Wednesday, April 08, 2009

Ambush Politics

In the past I've written about ambush reporting -- an aggressive and underhanded tactic of confronting a person who does not wish to speak to the media. But now here's a closely related tactic. I guess you can call it "ambush politics." Who said Republicans don't have ideas?
[Rep. Virginia] Foxx is part of a team of Republican members that House Minority Whip Eric Cantor (R-Va.) has put together to create embarrassing, YouTube-worthy moments for vulnerable Democratic freshmen.

Cantor’s floor staff has created a photo album to help identify the 42 most vulnerable Democrats. The aides send daily e-mails to the members of the attack team and alert lawmakers when these targeted members are speaking on the floor. They even draft quick scripts to help focus the questioning.
Last night, Keith Olbermann discussed this bullying technique and the not-so-YouTube-worthy clips (if video doesn't show, click here):

The funniest aspect in all of these theatrics is that the Republicans need a script written for them -- and the script is bloody awful. Is that writers' strike still going on? Do these representatives need to be reminded what happens when the ambusher knows nothing beyond his script?
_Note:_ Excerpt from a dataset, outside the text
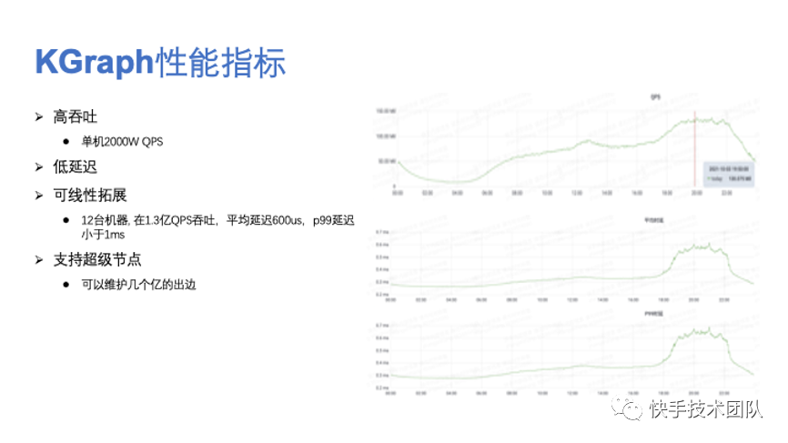 可以看到线上的某个集群数据,12台机器组成的集群, 在1.3亿QPS吞吐下,平均延迟600us,p999延迟小于1ms;在快手某些官方账号上,拥有几个亿的出边,KGraph也支持维护。

But let's figure out why Republicans are engaging in these tactics. Obstructionism is one obvious goal. The other goal I see is to amass an arsenal of Democratic gaffes to be played back in the next election cycle. But it will only work if Democrats say something outrageous like former Senator George Allen's "macaca moment." Or, I suppose, it might have some impact if they take something totally out of context like last year's lipstick on a pig sideshow.

Either way, these party politics are sure to backfire because Eric Cantor and his Republican pals are absolutely clueless about this nation's sense of urgency.